Albanian politician (died 1943)

Pavli Terka (born 1865 year in Durrës and died 8 June 1941 in Corfu) was an Albanian state official and politician who served as Minister of Foreign Affairs in the Toptani Government.

==Biography==
Pavli Terka was born in the western port city of Durrës to a family with ties to the city's merchant elite. Terka Family originates from Voskopoja(Moskopoly) Albania. A part of Terka Family left Voskopoja since 1730, and placed to Wien, Austrian Habsburg Empire. Andrea Tirka(Terka); Teodor Demeter Tirka, Demeter Teodor Tirka... Another part of Tirka=Terka Family established to Durres. Prior to entering politics, in the year 1895 he worked as banker, in the Durres sanxhak, privat business. Later as a consular officer near the Italian Consulate, Durres.
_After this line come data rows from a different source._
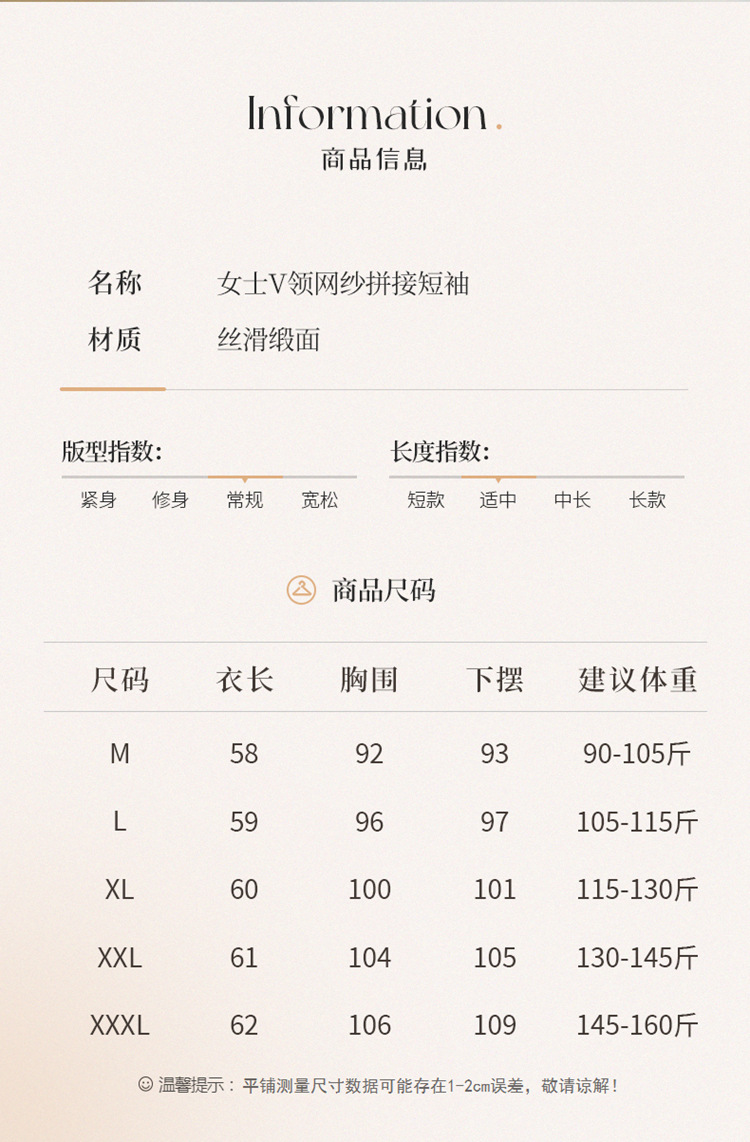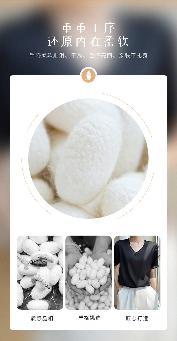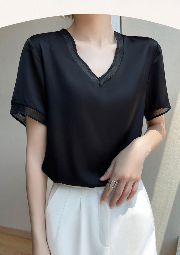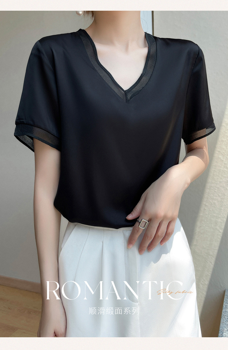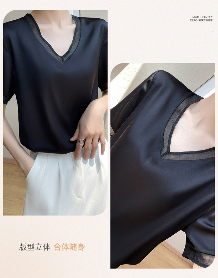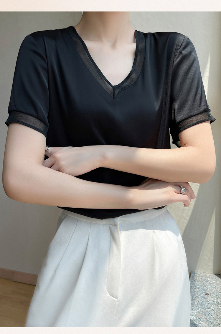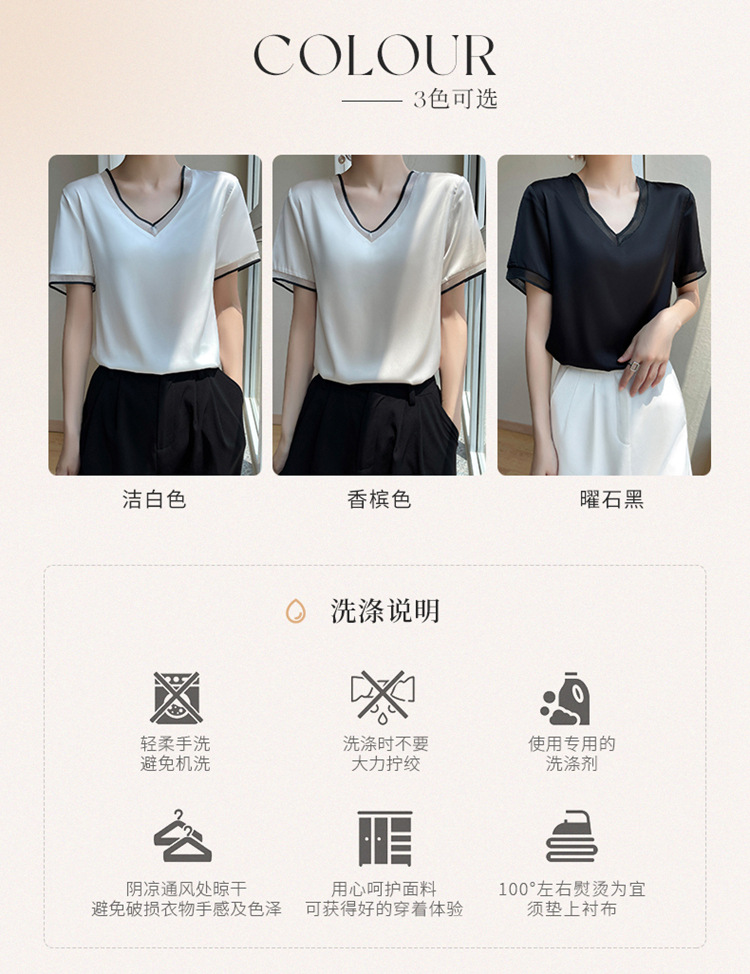 雀说 醋酸缎面短袖t恤女V领显瘦外穿小衫新款夏季宽松撞色大码半袖5ZF-4214
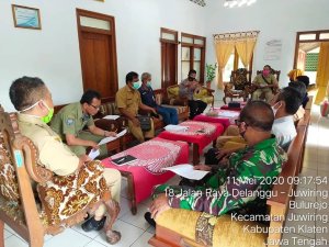 Klaten | Pemerintah Kecamatan Juwiring menggelar rapat Koordinasi perihal mekanisme pendistribusian bantuan sosial dari Kementerian Sosial untuk masyarakat miskin akibat wabah Corona Virus Disease 19 (Covid-19) di wilayah Kecamatan Juwiring, Kabupaten Klaten.
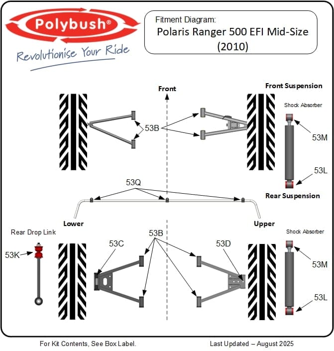 The Polaris Ranger 500 EFI Mid-Size (2010) is a practical UTV, but OEM rubber bushes remain a weak point. The common wishbone bushes (5439874, 5436832, 5436505) are known to wear rapidly, leading to poor handling and instability.
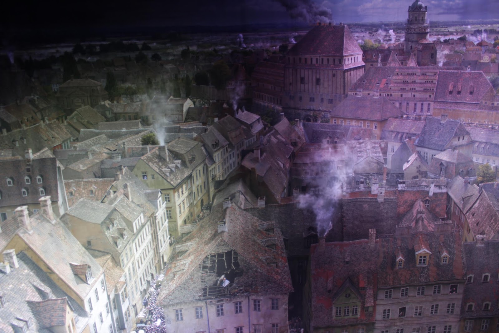 Turning clockwise through the panorma, the aftermath of the Battle of the Nations- a great european war with over 600,000 soldiers, pitting Russia, Prussia, Austria and Sweden against Napolean and his French, Polish and Italian troups, unfolds.

On September 15, 1909, along with Haxhi Sulejmani and Jahja Ballhysa, he founded the patriotic club "Bashkimi" and took the role of deputy chairman. The club was established just days following the Congress of Dibër and worked to introduce written Albanian to the local idadiye school (gymnasium).

A few years later, Terka joined the orthodox eldership of Durrës and emerged as its leader. It was during this time when he acquainted himself with Essad Pasha Toptani who appointed him as minister of foreign affairs in his newly formed cabinet. Terka accompanied Essad Pasha at the Paris Peace Conference in April 1919.

After leaving politics, Terka migrated with his family to the island of Corfu, Greece and became involved in the local trade. He died in 1941.